▶ [INPUT FOR THIS TASK]:
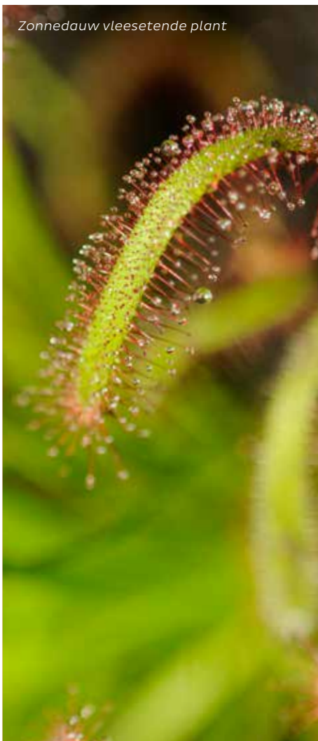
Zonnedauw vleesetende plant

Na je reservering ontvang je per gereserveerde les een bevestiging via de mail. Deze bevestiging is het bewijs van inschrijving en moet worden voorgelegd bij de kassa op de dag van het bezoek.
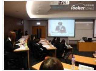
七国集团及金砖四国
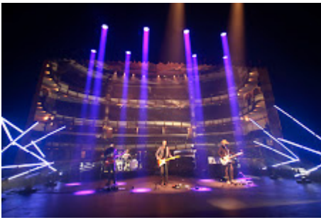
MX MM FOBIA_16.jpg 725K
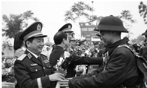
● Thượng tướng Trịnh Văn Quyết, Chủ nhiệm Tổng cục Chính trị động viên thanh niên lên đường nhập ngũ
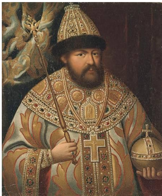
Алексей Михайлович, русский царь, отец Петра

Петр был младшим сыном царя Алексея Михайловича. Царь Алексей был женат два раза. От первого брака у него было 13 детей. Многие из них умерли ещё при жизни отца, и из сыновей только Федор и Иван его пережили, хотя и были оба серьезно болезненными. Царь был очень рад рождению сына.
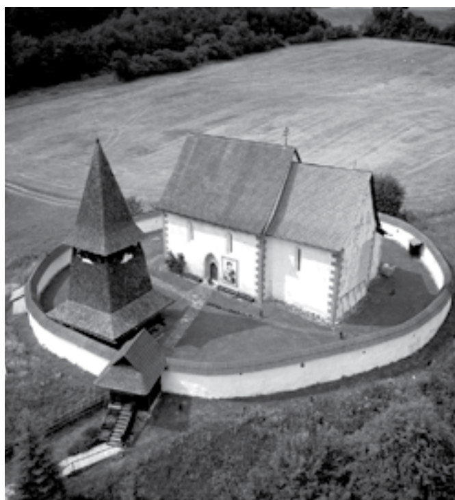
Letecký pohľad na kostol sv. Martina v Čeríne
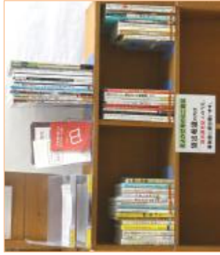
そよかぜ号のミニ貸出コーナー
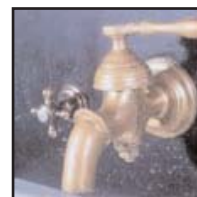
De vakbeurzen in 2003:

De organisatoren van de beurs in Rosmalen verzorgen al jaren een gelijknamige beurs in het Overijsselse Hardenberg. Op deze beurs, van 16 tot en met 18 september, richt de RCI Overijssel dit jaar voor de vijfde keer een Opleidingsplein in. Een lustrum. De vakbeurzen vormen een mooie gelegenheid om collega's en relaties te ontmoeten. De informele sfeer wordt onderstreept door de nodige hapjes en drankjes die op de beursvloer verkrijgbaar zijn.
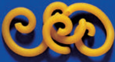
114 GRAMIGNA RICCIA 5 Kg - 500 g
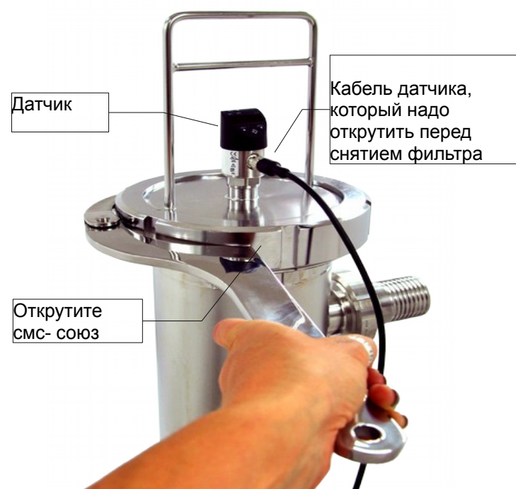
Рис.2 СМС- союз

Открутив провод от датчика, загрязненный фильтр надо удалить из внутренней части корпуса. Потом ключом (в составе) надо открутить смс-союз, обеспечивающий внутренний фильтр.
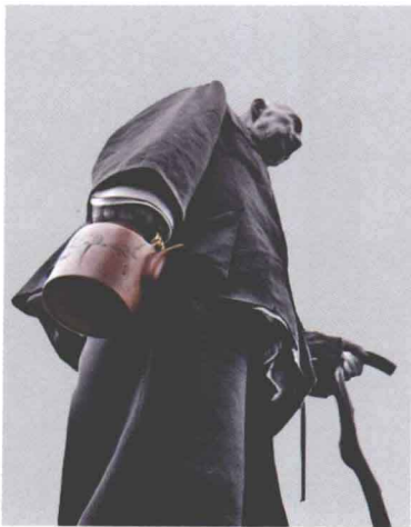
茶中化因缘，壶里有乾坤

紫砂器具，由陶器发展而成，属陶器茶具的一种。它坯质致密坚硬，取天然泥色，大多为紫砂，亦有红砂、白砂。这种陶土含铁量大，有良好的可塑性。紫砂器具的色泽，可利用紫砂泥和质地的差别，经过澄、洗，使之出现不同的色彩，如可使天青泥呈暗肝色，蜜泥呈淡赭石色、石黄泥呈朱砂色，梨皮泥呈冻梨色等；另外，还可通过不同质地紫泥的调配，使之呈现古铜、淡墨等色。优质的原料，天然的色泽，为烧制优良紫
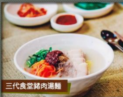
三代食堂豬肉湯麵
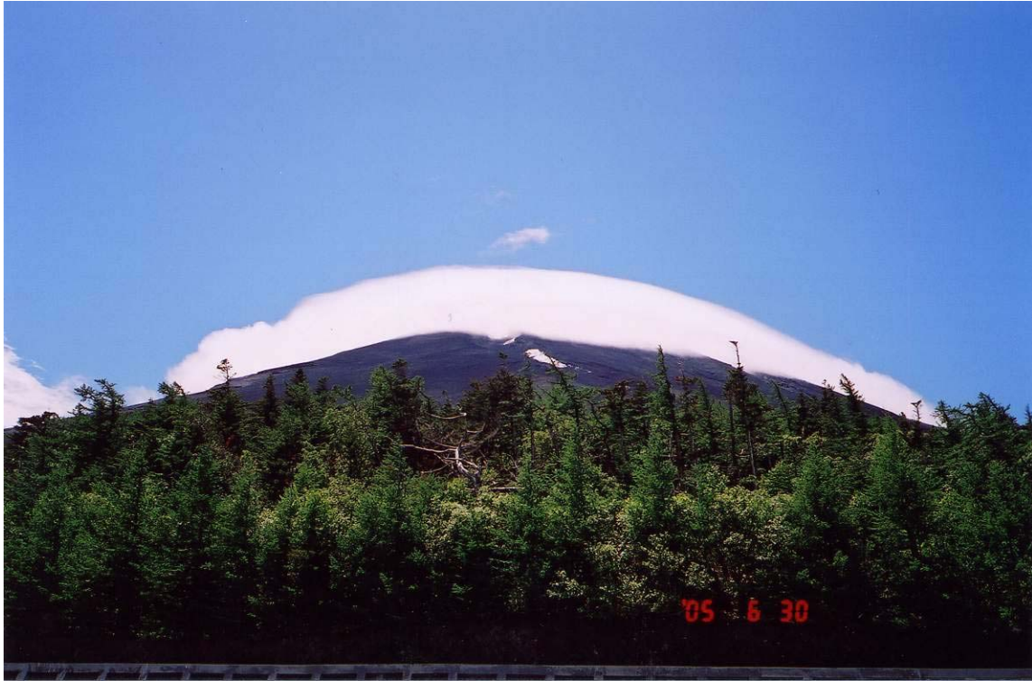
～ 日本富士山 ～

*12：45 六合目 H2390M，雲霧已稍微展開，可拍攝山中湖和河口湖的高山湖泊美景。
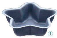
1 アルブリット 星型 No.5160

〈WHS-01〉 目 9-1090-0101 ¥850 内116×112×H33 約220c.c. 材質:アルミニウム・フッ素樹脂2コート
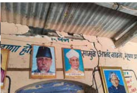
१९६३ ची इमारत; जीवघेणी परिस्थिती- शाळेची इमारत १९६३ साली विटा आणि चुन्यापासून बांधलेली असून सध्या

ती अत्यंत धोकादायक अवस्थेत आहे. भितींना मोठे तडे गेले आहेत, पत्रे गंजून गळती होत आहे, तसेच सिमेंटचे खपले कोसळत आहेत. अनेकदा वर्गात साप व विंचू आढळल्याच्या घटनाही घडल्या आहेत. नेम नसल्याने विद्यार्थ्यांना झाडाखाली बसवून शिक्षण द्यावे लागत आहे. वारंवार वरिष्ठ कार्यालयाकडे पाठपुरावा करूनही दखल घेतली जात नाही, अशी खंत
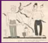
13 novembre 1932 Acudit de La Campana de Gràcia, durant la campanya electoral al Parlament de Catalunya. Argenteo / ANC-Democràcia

---

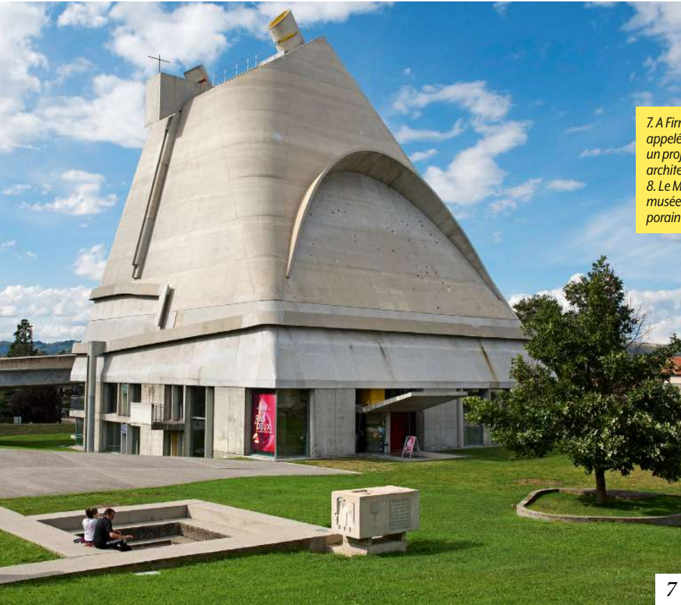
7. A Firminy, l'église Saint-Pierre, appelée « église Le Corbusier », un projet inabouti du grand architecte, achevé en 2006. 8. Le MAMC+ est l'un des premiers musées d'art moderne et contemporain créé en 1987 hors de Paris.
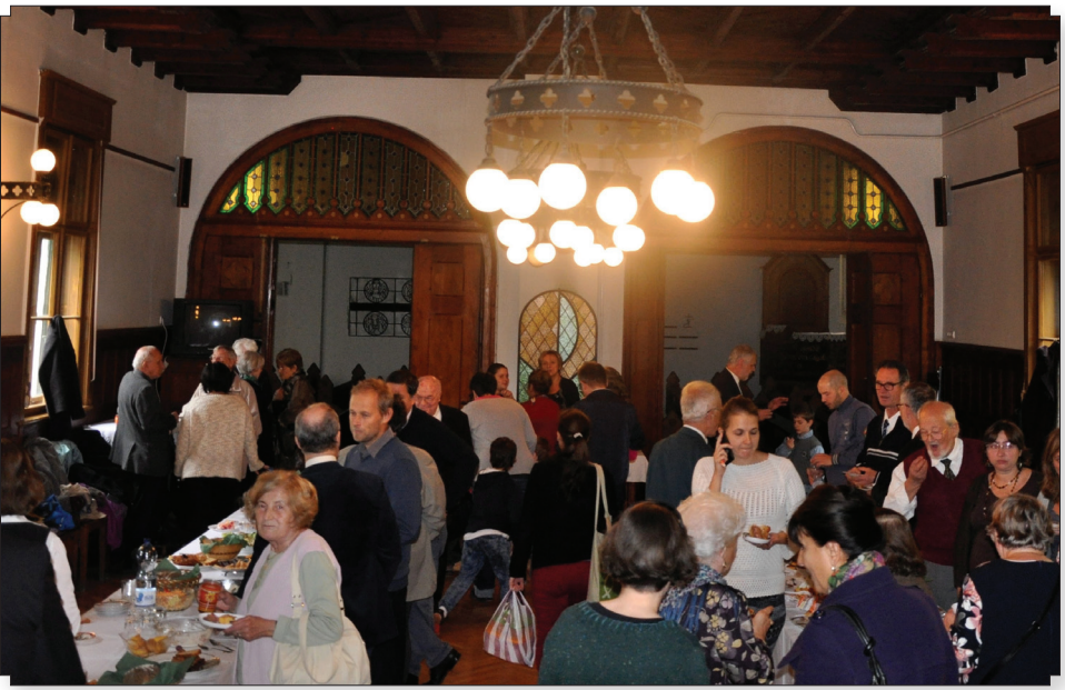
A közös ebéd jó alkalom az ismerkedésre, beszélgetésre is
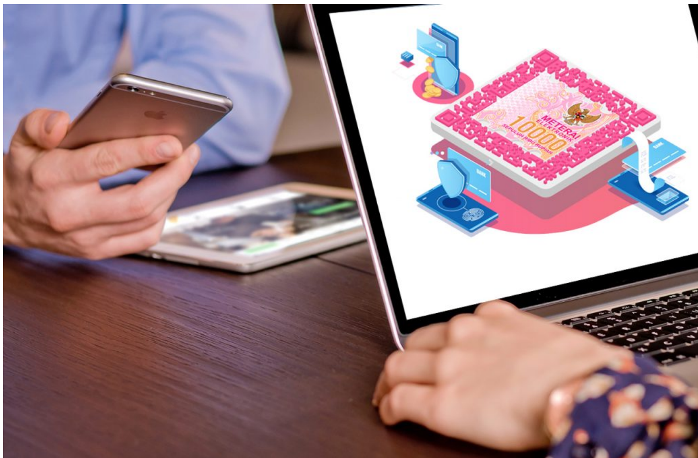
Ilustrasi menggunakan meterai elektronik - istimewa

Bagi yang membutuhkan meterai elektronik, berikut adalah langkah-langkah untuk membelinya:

* * *

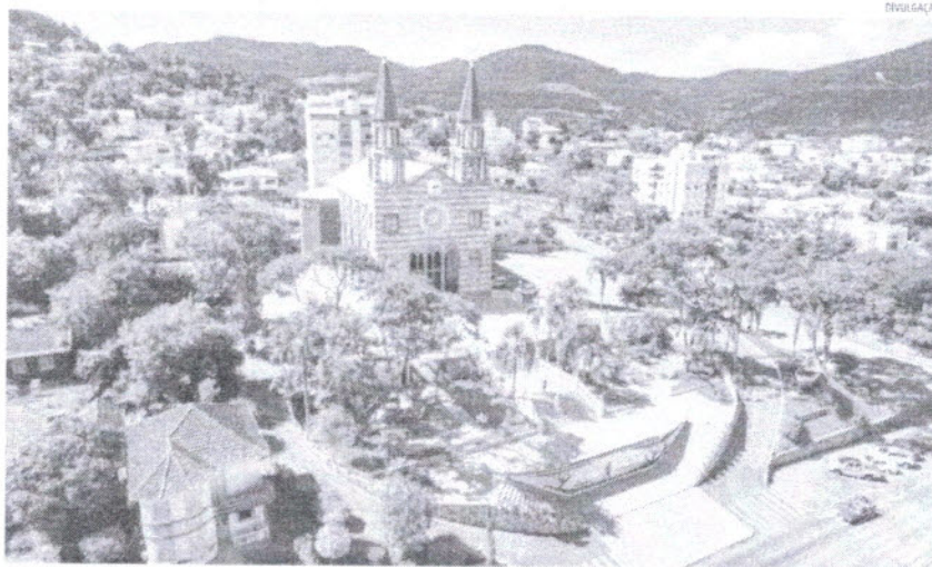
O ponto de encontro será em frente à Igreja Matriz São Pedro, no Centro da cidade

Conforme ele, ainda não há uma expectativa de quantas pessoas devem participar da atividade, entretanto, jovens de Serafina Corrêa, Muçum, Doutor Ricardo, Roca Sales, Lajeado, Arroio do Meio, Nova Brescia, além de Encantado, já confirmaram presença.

▶ [TASK STATEMENT]:
Please reproduce, exactly as they appear above, the lines from the line containing "१९६३ ची इमारत;" up to and including the line containing "ती अत्यंत धोकादायक".

▶ [EXERCISE RESULT]:
१९६३ ची इमारत; जीवघेणी परिस्थिती- शाळेची इमारत १९६३ साली विटा आणि चुन्यापासून बांधलेली असून सध्या

ती अत्यंत धोकादायक अवस्थेत आहे. भितींना मोठे तडे गेले आहेत, पत्रे गंजून गळती होत आहे, तसेच सिमेंटचे खपले कोसळत आहेत. अनेकदा वर्गात साप व विंचू आढळल्याच्या घटनाही घडल्या आहेत. नेम नसल्याने विद्यार्थ्यांना झाडाखाली बसवून शिक्षण द्यावे लागत आहे. वारंवार वरिष्ठ कार्यालयाकडे पाठपुरावा करूनही दखल घेतली जात नाही, अशी खंत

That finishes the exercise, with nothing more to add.